Available data:
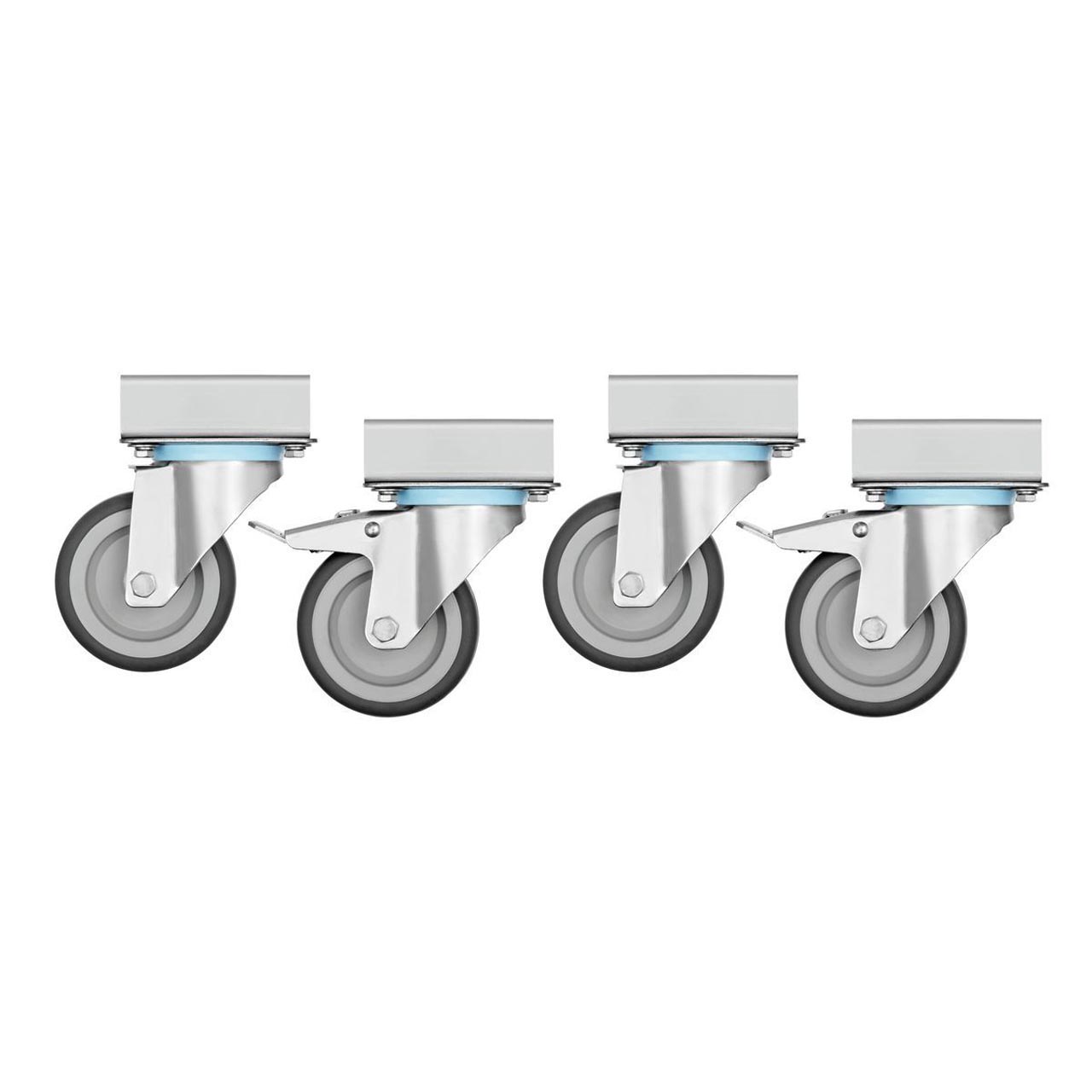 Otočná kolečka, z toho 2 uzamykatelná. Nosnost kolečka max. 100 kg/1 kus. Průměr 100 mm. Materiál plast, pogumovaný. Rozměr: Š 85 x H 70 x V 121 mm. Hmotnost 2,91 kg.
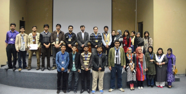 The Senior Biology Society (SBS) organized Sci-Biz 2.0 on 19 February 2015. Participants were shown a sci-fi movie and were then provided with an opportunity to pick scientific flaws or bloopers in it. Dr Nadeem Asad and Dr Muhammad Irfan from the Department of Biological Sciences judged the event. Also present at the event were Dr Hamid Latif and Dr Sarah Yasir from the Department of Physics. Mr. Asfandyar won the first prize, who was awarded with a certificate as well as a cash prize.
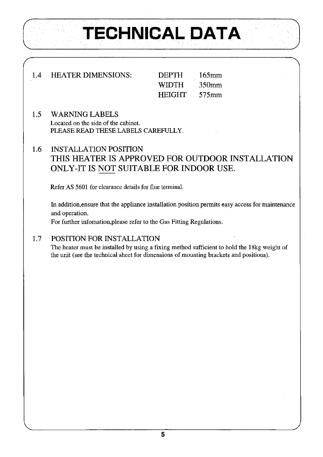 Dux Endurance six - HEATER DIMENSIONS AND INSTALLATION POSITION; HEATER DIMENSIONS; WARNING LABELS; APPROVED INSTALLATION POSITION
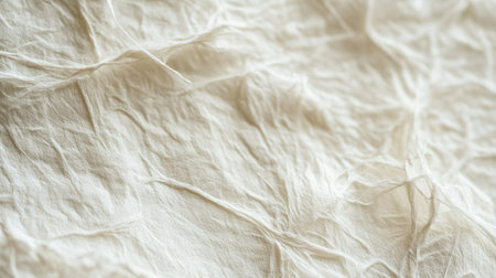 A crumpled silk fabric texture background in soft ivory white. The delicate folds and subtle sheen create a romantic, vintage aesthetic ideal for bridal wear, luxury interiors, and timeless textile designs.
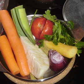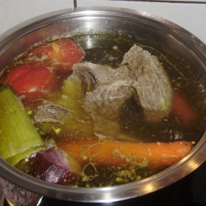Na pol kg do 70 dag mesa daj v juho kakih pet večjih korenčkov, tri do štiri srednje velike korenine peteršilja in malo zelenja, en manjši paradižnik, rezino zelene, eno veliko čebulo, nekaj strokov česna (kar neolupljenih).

Your task:
Print the material above verbatim except the pictures.

Exercise solution:
 Otočná kolečka, z toho 2 uzamykatelná. Nosnost kolečka max. 100 kg/1 kus. Průměr 100 mm. Materiál plast, pogumovaný. Rozměr: Š 85 x H 70 x V 121 mm. Hmotnost 2,91 kg.
 The Senior Biology Society (SBS) organized Sci-Biz 2.0 on 19 February 2015. Participants were shown a sci-fi movie and were then provided with an opportunity to pick scientific flaws or bloopers in it. Dr Nadeem Asad and Dr Muhammad Irfan from the Department of Biological Sciences judged the event. Also present at the event were Dr Hamid Latif and Dr Sarah Yasir from the Department of Physics. Mr. Asfandyar won the first prize, who was awarded with a certificate as well as a cash prize.
 Dux Endurance six - HEATER DIMENSIONS AND INSTALLATION POSITION; HEATER DIMENSIONS; WARNING LABELS; APPROVED INSTALLATION POSITION
 A crumpled silk fabric texture background in soft ivory white. The delicate folds and subtle sheen create a romantic, vintage aesthetic ideal for bridal wear, luxury interiors, and timeless textile designs.
Na pol kg do 70 dag mesa daj v juho kakih pet večjih korenčkov, tri do štiri srednje velike korenine peteršilja in malo zelenja, en manjši paradižnik, rezino zelene, eno veliko čebulo, nekaj strokov česna (kar neolupljenih).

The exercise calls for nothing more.